Вернее, Стейнунн ходит смотреть фильмы, а отец – в кино. Держась за руки, они идут по улице, потому что отец отвык от движения транспорта, от назойливых взглядов прохожих, но он горд, что сестра Стейнунн выводит его из лечебницы на прогулки и что эти прогулки не прекращаются и после выписки. Отец в черном берете, шаги у него короче, чем у Стейнунн; Стейнунн блондинка, и отец думает, будто вокруг ее чела сияют звезды и она видит то, что от него сокрыто. В кино они ходят часто и потом житья не дают своим друзьям, пересказывая содержание фильмов, причем так, что друзья только устало говорят:
– Жаль, мы пропустили эту картину, видно, очень уж она хороша.
– Очень жаль, – говорит сестра Стейнунн.
– Этот фильм – не пустышка, – говорит отец.
– В нем рассказывается о вещах, о которых люди часто вовсе не задумываются.
– И которые после кажутся совершенно очевидными, – добавляет отец.
А друзья говорят:
– Много фильмов пропускаешь. Сидишь и ждешь, когда их по телевизору покажут.
– Но фильмы лучше смотреть в кино, – говорит Стейнунн и отнюдь не краснеет, потому что даже не догадывается о банальности этого клише. А отец пропускает его мимо ушей. В этот период холодноватой влюбленности они лояльны друг к другу. Хотя фильмы, которые любит Стейнунн, отец считает слишком тяжелыми.
– Так ведь фильмы смотрят не для развлечения, – говорит Стейнунн.
Отцу давно известна ее точка зрения, но каждый раз он неизменно удивляется. А для чего же, если не для развлечения? Если не для того, чтобы провести время? Ведь отец теперь погоняет время перед собой, как строптивую корову. Хоть он и «на воле», жизнь тяготит его. Работа не радует, на радио ему поручают псевдозадания, из которых никогда не выйдет программы, и он это знает, раньше-то много видал старых звезд, сосланных в архив, где пыль потихоньку делает их незримыми для окружающих.
Они что, смотрят одни и те же фильмы? Конечно, нет. «Одних и тех же» фильмов не бывает, как не бывает «одних и тех же» камней, «одних и тех же» любовных знаков и жестов. Объекты не существуют вне наблюдателя. Природа объекта материализуется единственно в пересказе, и в устах Стейнунн фильмы обретают одну жизнь, в устах отца – другую.
Когда Стейнунн идет с отцом в «кино», он способен до слез хохотать над всеми тортами, размазанными по физиономиям, над всеми путаницами и веселыми автомобильными погонями – пока не взглянет на Стейнунн, которая хранит серьезность. И, наблюдая за нею во время «фильма», отец знает, что она находится в совсем другом краю.

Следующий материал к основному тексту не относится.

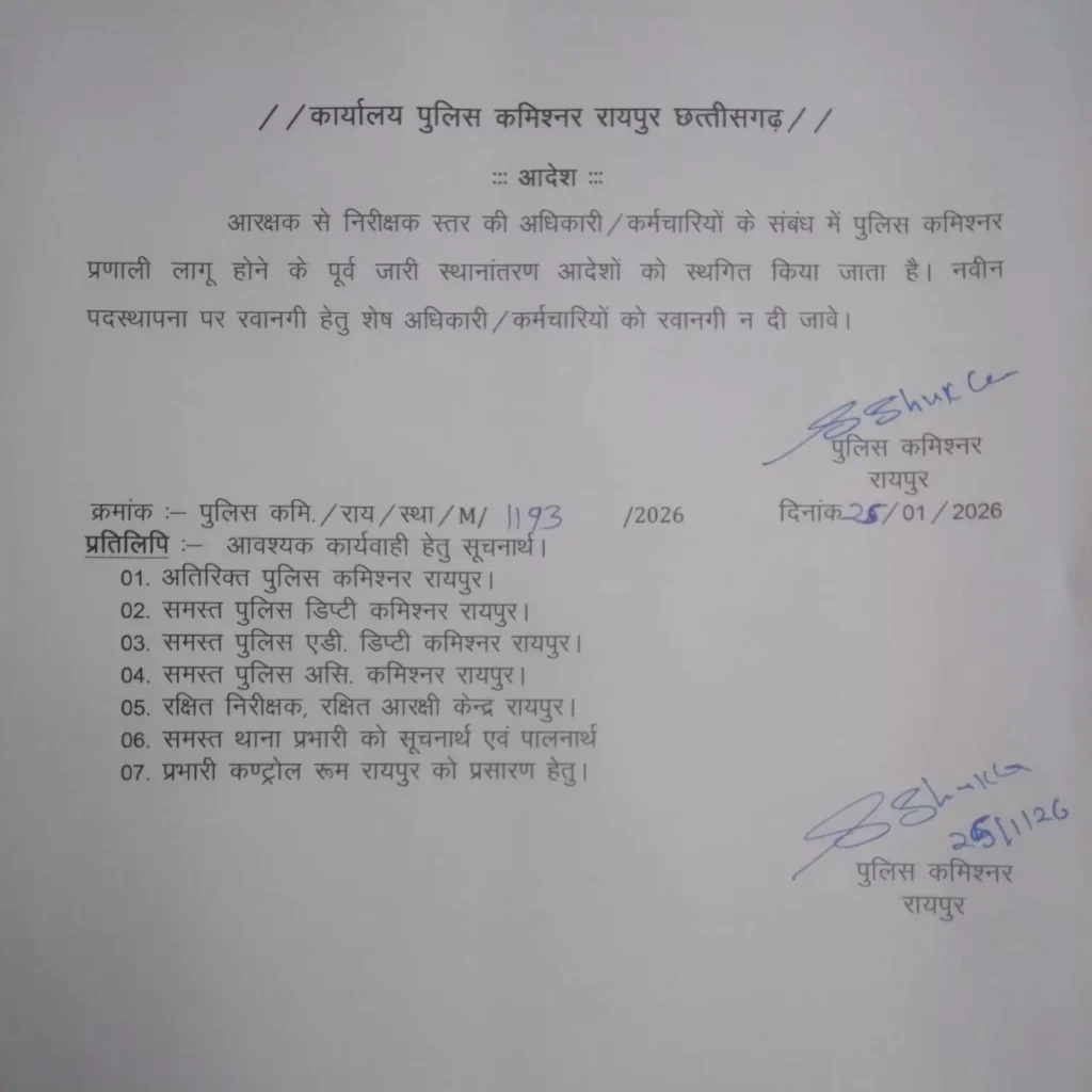 इसके अलावा दर्जन भर अधिकारियों को उनके मातहत एडिशनल सीपी, डीसीपी और एसीपी के तौर पर तैनात किया गया है। सभी पुलिस अफसरों ने पदभार सँभालने के बाद विधिवत अपना कामकाज शुरू कर दिया है। इस बीच रायपुर पुलिस आयुक्त डॉ संजीव शुक्ला ने कमिश्नरी के तहत आने वाले थाना क्षेत्रों को लेकर एक अहम आदेश जारी किया है। उन्होंने आयुक्त प्रणाली लागू होने से ठीक पहले जारी किये गये पुलिस के अफसरों और कर्मचारियों के ट्रांसफर आदेश पर रोक लगा दी है।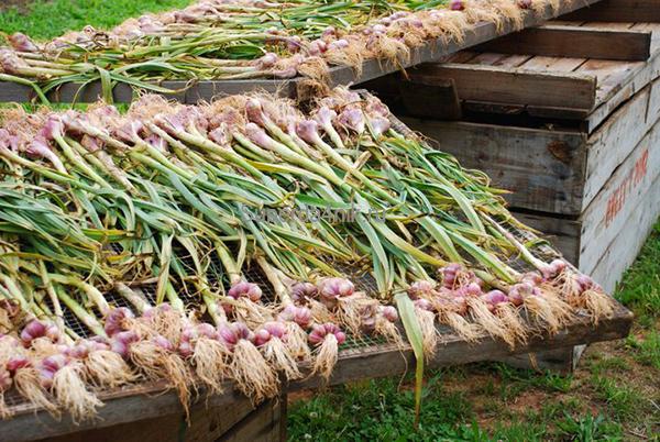 Après la fin des travaux, l'ail est envoyé dans une pièce fraîche avec une bonne ventilation pendant 2 semaines supplémentaires, puis il est stocké.

Еще Стейнунн с отцом ходят в церковь.
Рука об руку шагают туда каждое воскресное утро и отпускают друг друга только у самой двери.
Снимают перчатки, глядят на город внизу, на площади почти никого, смотреть особенно не на что. И все-таки они некоторое время молча стоят, а когда уже готовы войти в пустую дверь, погрузиться в летящие с хоров звуки органа, отец откашливается. Почему откашливается? Из почтения перед церковью. Он прочищает горло, хоть и не собирается много петь. Отец ходит со Стейнунн в церковь, так как хочет, чтобы люди видели их новообретенное единение, а еще потому, что в этом безгрешном помещении его охватывает немыслимая страсть к ней. Когда он сидит, сложив ладони, поет или вместе с остальными, надо сказать весьма немногочисленными, прихожанами бормочет символ веры, давно исчезнувшая страсть вскипает в его плоти. Вера Стейнунн во Вседержителя Бога Отца сильна и прекрасна, у других такой нет, и, когда он косит глазом в ее сторону, у него всегда возникают две мысли: хочется нарисовать ее (если б он умел) и любить ее (если б это было возможно) на мягком ковре хоров. Но он вынужден довольствоваться тем, что дышит в такт, взбирается по мелодическим ветвям псалмов и поет в той же группе молящихся, что и она. В церкви Стейнунн совершенно обнажена, даже в постели она бы не могла быть обнаженнее. И черты лица у нее в церкви чище, чем после купанья. А когда я однажды спросил, с чего это отец вдруг заделался этаким ретивым прихожанином, он ответил, что лишь в церкви ощущает мгновения настоящего и что воздух настоящего прозрачен и дает опору. Стейнунн никто о таких вещах не спрашивает, потому что она как бы неотъемлемая часть церкви. Где она, там и богослужение. Да, отец мог бы сказать, что не Стейнунн ходит в церковь, а церковь – в Стейнунн.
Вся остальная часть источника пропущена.